Information for this article was contributed by Angela Charlton of The Associated Press.
When it was seized by U.S. law enforcement in 2017, BTC-e was described as “one of the world’s largest and most widely used digital-currency exchanges.” It was also one of the most notorious.
Billions of bitcoin and other digital currencies had been swapped since BTC-e’s creation six years prior. But that was before one of its alleged founders, Aleksandr Vinnik, was arrested on a Greek beach in 2017 on a U.S. arrest warrant. The following year, Special Counsel Robert Mueller revealed precise evidence in alleging how Russia’s military intelligence agency used bitcoin transactions to mask meddling in the 2016 U.S. presidential elections.
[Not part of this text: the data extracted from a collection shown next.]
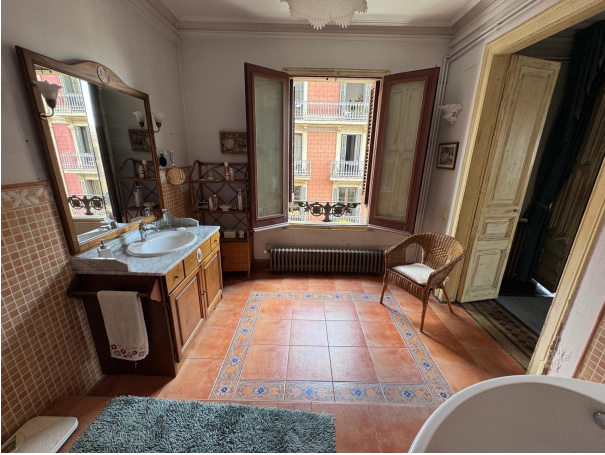
WhatsApp Image 2024-09-25 at 14.46.05 (2)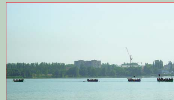
▲ Викинги переправляются с острова на «большую землю»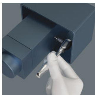
Mini-spärrhandtag för alla svårtillgängliga platser.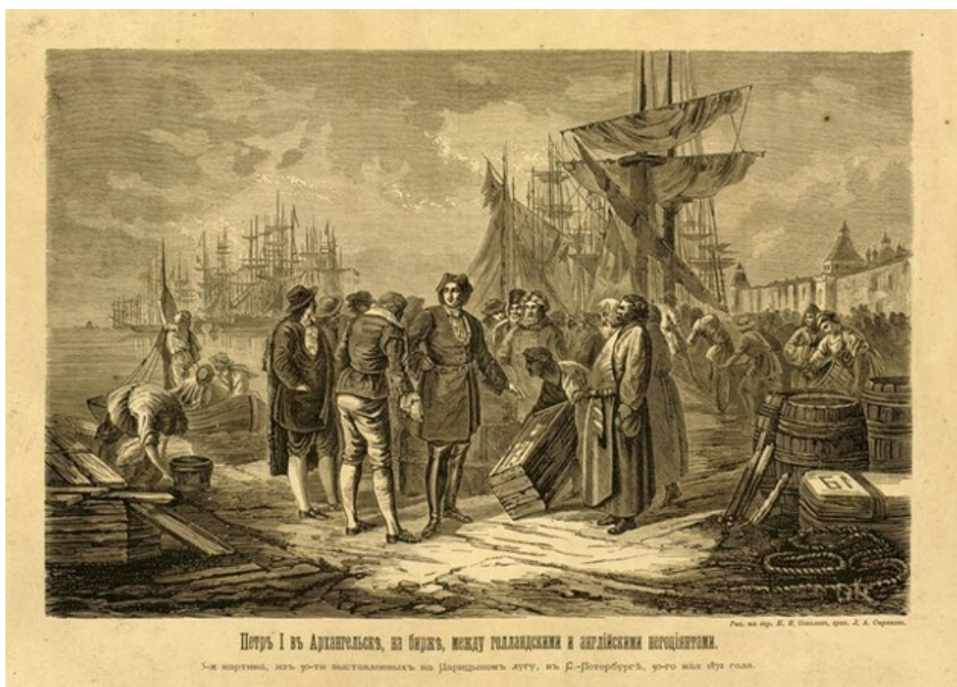
Альбом 200-летний юбилей Петра Великого 1672 - 1872 года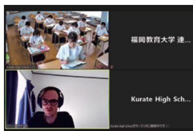
福岡県立鞍手高等学校とのリモート多文化交流会（令和2年8月実施） Remote intercultural exchange meeting with Fukuoka Prefectural Kurate High School (August 2020)

※は令和元年度における実績。令和2年度については、新型コロナウイルスの影響により中止となった。 The events marked with an asterisk were held in academic year 2019. They were canceled in academic year 2020 because of the COVID-19 pandemic.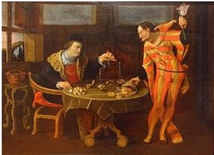
Anonyme, La vente des oignons de tulipe , XVII e siècle. Huile sur bois. Musée des beaux-arts de Rennes .

Cette fleur, dont l'origine est sauvage fut cultivée pour la première fois en Perse . La tulipan dont le nom provient de sa forme en turban fit l'objet d'un premier développement par Soliman le Magnifique . On la retrouve partout : sur les tissus, les faïences et même les pierres tombales. Des traités lui seront consacrés. En 1554, C'est Charles de l'Ecluse directeur des jardins de l'empereur Maximilien à Vienne qui lance leur présentation en Europe en les montrant comme une espèce nouvelle et rare. Lorsqu'il s'installe aux Pays Bas, il développe sa collection et la passion pour cette belle éphémère n'aura plus de limite. Les prix s'envolent notamment pour celles qui montrent des taches de couleur sur les feuilles, en raison d'un virus. La tulipe devient la représentation d'un statut social élevé. Les peintres hollandais au XVII e Siècle dénonceront cette folie dans leurs peintures où elle sera exposée en Vanité.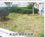
未及时清除的杂草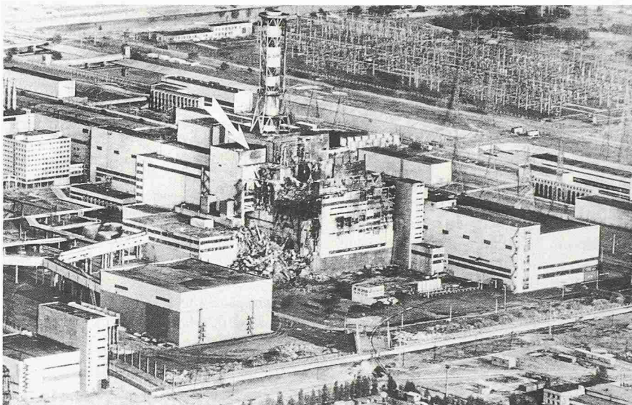
Die Verseuchung durch den Unglücksreaktor von Tschernobyl (in Bildmitte) vertrieb 1986 einige zehntausend Menschen aus ihren Heimen

Fruchtbares Land wurde in den letzten Jahren durch umweltschädliche Bodennutzung zu Brachland oder Wüsten. Rund 135 Mio. Menschen leben in Gebieten, wo sich die Wüste ausbreitet und ihre Zahl steigt. Dies zeigt sich in Afrika besonders hart in der Sahelzone.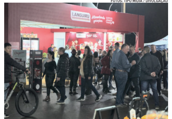
Um dos estandes da Cooperativa Languiru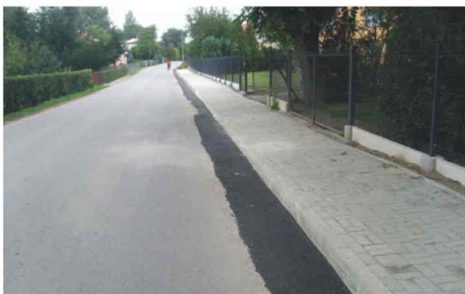
Wybudowany chodnik wraz z nowymi ogrodzeniami przy drodze powiatowej w Zarzeczcu w stronę Łapajówki

Również i w tym roku nie brakuje nowych odcinków chodników oraz przebudowanych dróg. Na podstawie porozumienia z Powiatem Przeworskim zmodernizowano chodnik „do wsi” w Roźniatowie oraz wybudowano ciąg dalszy chodnika w Zarzeczcu w kierunku Łapajówki.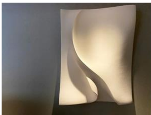
テーマ「瞬 - timing」より 作品名【砂丘】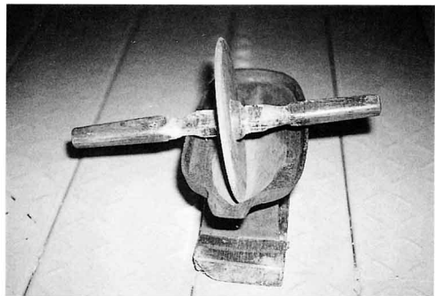
や げ ん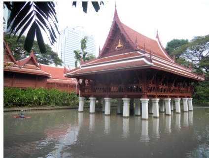
構内の伝統的な建築物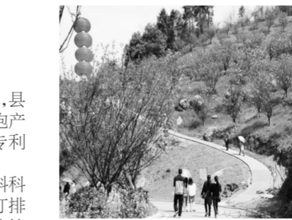
萍乡市乡下村生态修复后的“阳光花海”。

设立科技创新“引导基金信贷通”,县区别设立工业陶瓷、电瓷、花炮产业扶持基金。2017年,萍乡市专利授权量增幅列全省第一。 日前,萍乡市吉润花炮新材料科技有限公司与北京理工大学签订排他性的战略合作协议,引进“硝化纤维素制备火药”专利技术,建立花炮环保新材料生产基地,用硝化纤维素替代“黑火药”“硝药”,破解花炮产业发展“安全”“环保”两大世界性难题。 自2015年4月成为全国首批16个海绵城市建设试点城市以来,萍乡市海绵城市建设成效明显,完工项目121个,面积达26.511平方公里,城市水生态系统得到重塑,玉湖、萍水湖等重点项目开始发挥作用,正逐步实现“小雨不积水、大雨不内涝、水体不黑臭、热岛有缓解”的目标,城市生态环境得到明显改善。 借力全国海绵城市建设兴起的浪潮,江西萍乡龙发实业股份有限公司试水海绵产业,投入5000万元引进两条生产线,每年“吃干榨净”近80万吨陶瓷废渣、煤矸石,生产出的生态陶瓷透水砖供不应求;同时打造环保成套设备,进军绿色环保产业。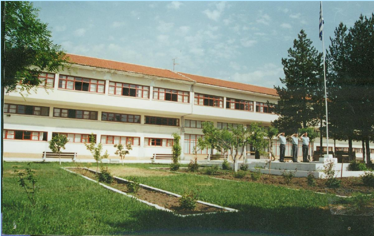
Κτιριακές εγκαταστάσεις Τμήματος Δοκίμων Αστυφυλάκων Γρεβενών

Υποψήφιοι που κρίθηκαν ΜΗ ΙΚΑΝΟΙ για τις Αστυνομικές Σχολές, από τις αρμόδιες Επιτροπές των προκαταρκτικών εξετάσεων της Ελληνικής Αστυνομίας, δεν μπορούν να προσκομίσουν βεβαίωση Στρατιωτικής Σχολής.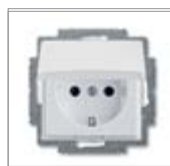
Механизм розетки SCHUKO® с крышкой с безвинтовыми клеммами 2 P + E с откидной крышкой (фиксируется в открытом положении) Номинальное напряжение: 250 В перем. тока Номинальный ток: 16 А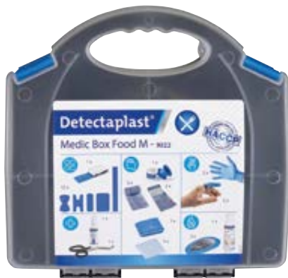
DETECTAPLAST ehbo medic box food horeca 40.001.07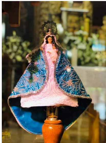
Figura 3: Virgen de los Remedios de Comonfort, Gto.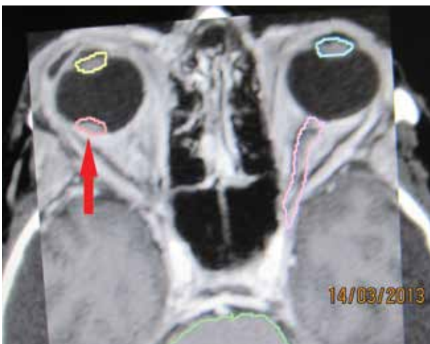
Obrázek 1. Nádorové ložisko – melanóm chorioidey v štádiu T1 - v blízkosti makuly zakreslené pred stereotaktickým ožiarением v r. 2013 – červená šípka

Analýzovali sme súbor 168 pacientov s malígnym melanómom corpus ciliare a chorioidey, ktorí podstúpili ste-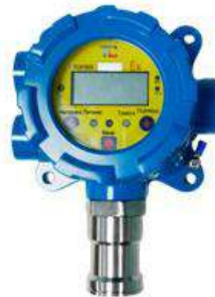
м) модификации ТОП-СЕНС 4100 S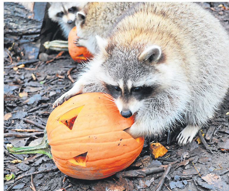
L'Halloween est une occasion d'en apprendre davantage sur les pensionnaires de Zoo Ecomuseum.

Vieille prison de Trois-Rivières Jusqu'au 11 novembre culturepop.qc.ca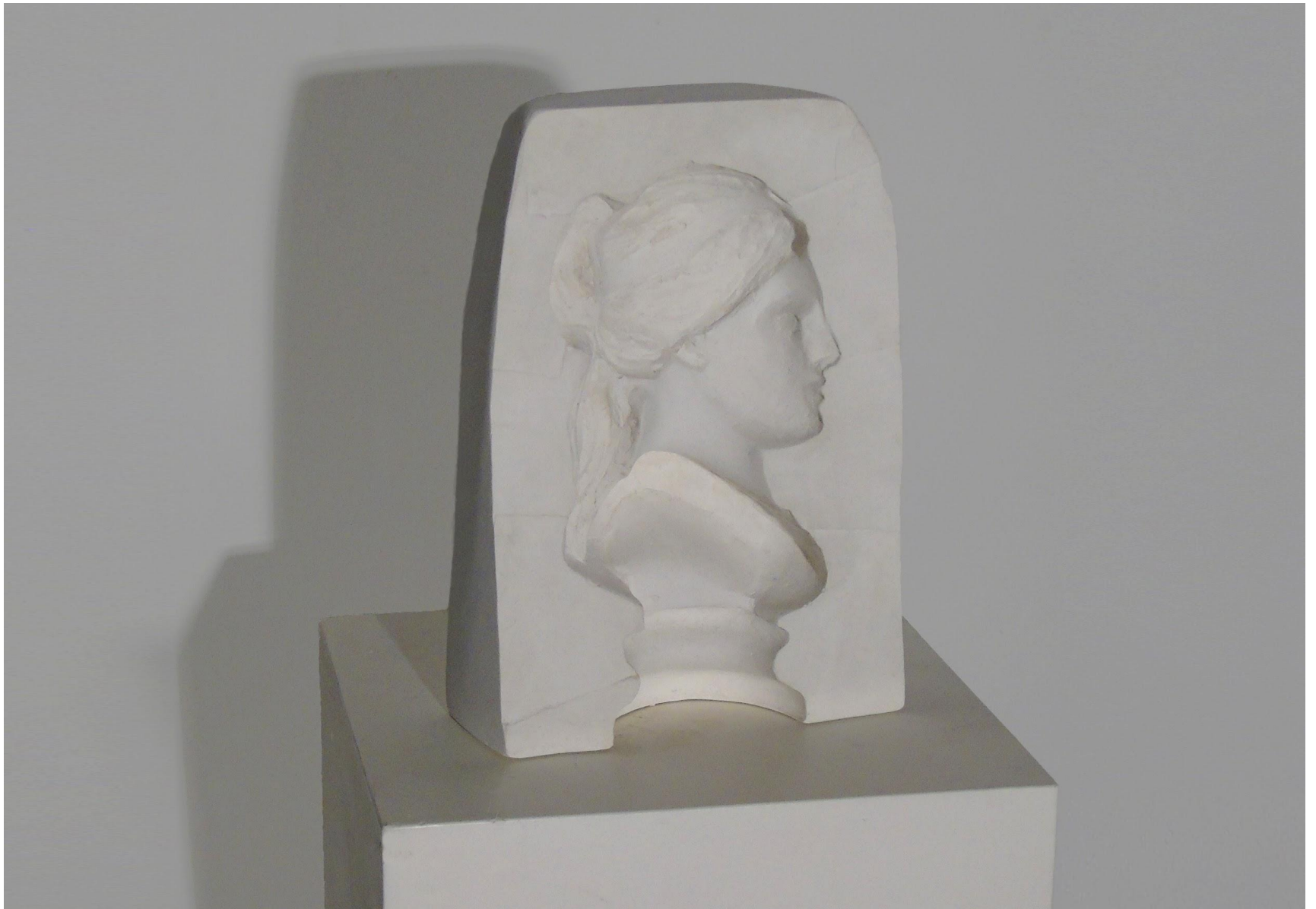
“Afredite”, gesso alabastrino, 15 x 10 x 8 cm, 2020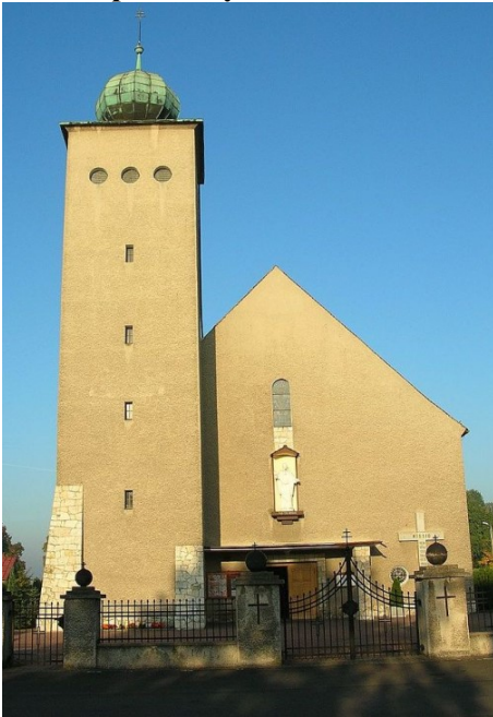
Zdjęcie nr 20. Kościół pw. Chrystusa Króla w Kadłubie

Wzniesiony w 1934 r. wg projektu Kehlera. Budynek na rzucie prostokąta, jednonawowy z węższym, prosto zamkniętym prezbiterium i wieżą zwieńczoną pękatym hełmem, umieszczoną w pld. narożu fasady. Budynek murowany, tynkowany, w narożu wieży - kamienna szkarpa. Bryła prosta, bez dekoracji, z regularnie rozmieszczonymi otworami okien. Cennym zabytkiem są organy firmy SCHLAG & SÖHNE z 1903 r. sprowadzone ze Świdnicy.

Earlier this month, new glimpses into the shadowy world of cryptocurrencies emerged in a BBC Russian Service report that provided more indications of how exactly Russian spy agencies were intertwined with bitcoin exchanges like BTC-e.
“At a minimum, BTC-e was always heavily used by cybercriminals to launder funds, so it would have been a natural place for Russian intelligence to procure hard-to-trace funds as well,” says Kim Nilsson, a Tokyo-based programmer engineer who gained renown for helping solve a massive bitcoin theft linked to BTC-e.
“Russia’s particular interest in Vinnik’s extradition might suggest some important higher-ups may have had their fingers in the BTC-e pie, if not Russian intelligence itself,” Nilsson tells RFE/RL.
BTC-e, which was basically a giant online marketplace for buyers and sellers of bitcoins and other cryptocurrencies, had intrigued researchers, analysts, and law enforcement even before the United States seized it two years ago.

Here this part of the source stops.